Дивизионный комиссар Аннелиз наконец выплыл на поверхность. Он поднял к свету надменное лицо, окруженное ореолом просветленной ярости.

– Скажите, Тянь, во что конкретно вы стреляли в тот день на улице Сент-Оноре?


***

Аннелиз. Скажите, Тянь, во что конкретно вы стреляли в тот день на улице Сент-Оноре?

Ван Тянь. В Жюли Коррансон.

Аннелиз. Я не спрашиваю, в кого, я спрашиваю, во что?

Ван Тянь. В отблеск лупы прицела, в прическу, в руку, державшую ствол.

Аннелиз. Но главным образом, во что?

Ван Тянь. Не знаю, в руку, кажется.

Аннелиз. В руку? А почему не в голову?

Ван Тянь. ...

Аннелиз. А я скажу вам, Тянь, потому что вы не хотели убивать Коррансон.
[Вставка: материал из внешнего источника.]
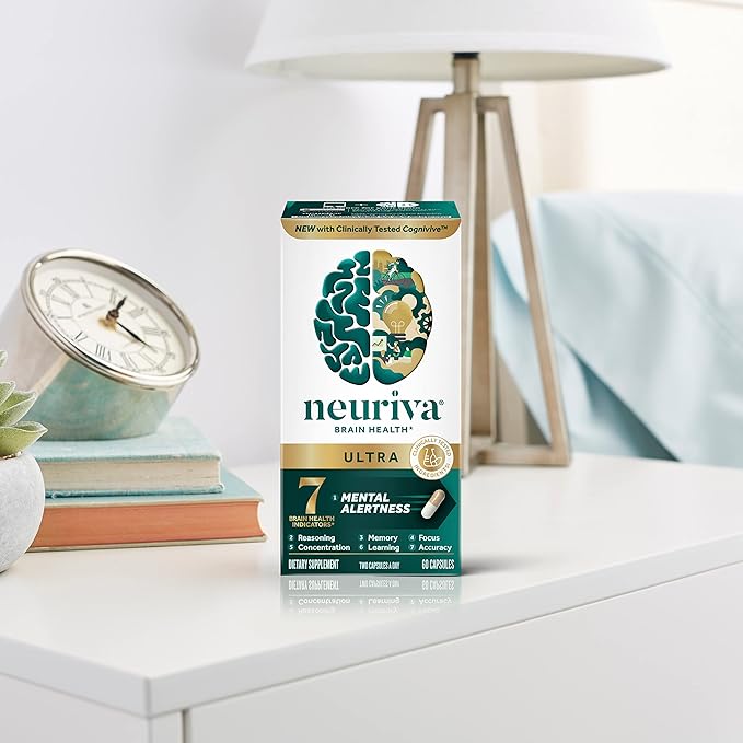 NEURIVA Ultra Decaffeinated Clinically Tested Nootropic Brain Supplement for Mental Alertness, Memory, Focus & Concentration, Cognivive, Neurofactor, Phosphatidylserine, Vitamins B6 B12, 60 Capsules
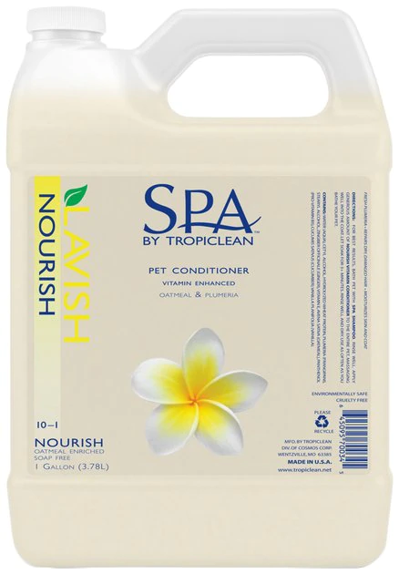 Nourish your furry friend’s coat for lasting vibrancy and beauty with SPA by TropiClean Lavish Nourish Conditioner for Pets. This luxurious conditioner with plant extracts and essential vitamins helps promote a healthy hair sheen and capillary conditioning. The formula’s powerful blend of ginger, botanical moisturizers, and warm vanilla helps repair your pet’s coat, with vitamin E and pro-vitamin B5 to revitalize dry and damaged hair. Anti-static agents calm hair while botanical emollients strengthen the coat, leaving hair incredibly revitalized, full, and manageable. Safe when used as directed on cats and dogs 12 weeks and older, this gentle formula is the perfect way to revive a dull coat. It has a beautiful plumeria scent that will leave your pet smelling fresh and pampered long after bath day, too!
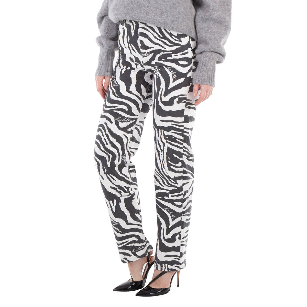Бренд: Rotate. Категория: Джинсы и деним. Цвет: зебра/ярко-белый. Женские джинсы Rotate с принтом «Зебра» и «ярко-белый». Эти брюки из органического хлопка имеют классический прямой крой и высокую талию для удобной посадки. Нашивка с логотипом сзади и яркий принт «зебра» по всей длине добавляют модели яркий и уникальный штрих. 100% хлопок (органический).
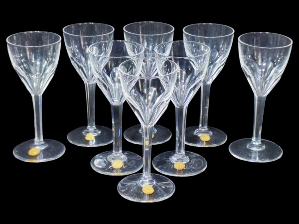 • BACARRAT (Fundada em 1764 na cidade de Baccarat, região da Lorena, França), oito (8) taças para vinho confeccionadas em cristal francês translucido com lapidação dita DEDÃO em baixo relevo, haste facetada, apoiada sobre base circular com selo da cristaleria, medindo 10,5x4,5cm.

Ван Тянь. Не думаю. В любом случае, с такого расстояния...

Аннелиз. Для такого снайпера, как вы, расстояния не существует, вы нам это доказывали уже не раз.

Ван Тянь. ...

Аннелиз. ...

Ван Тянь. ...

Аннелиз. Главное, специально или нет, но вы выстрелили раньше других, чтобы устранить Коррансон без особого ущерба для нее.

Ван Тянь. Мне кажется, все было несколько иначе.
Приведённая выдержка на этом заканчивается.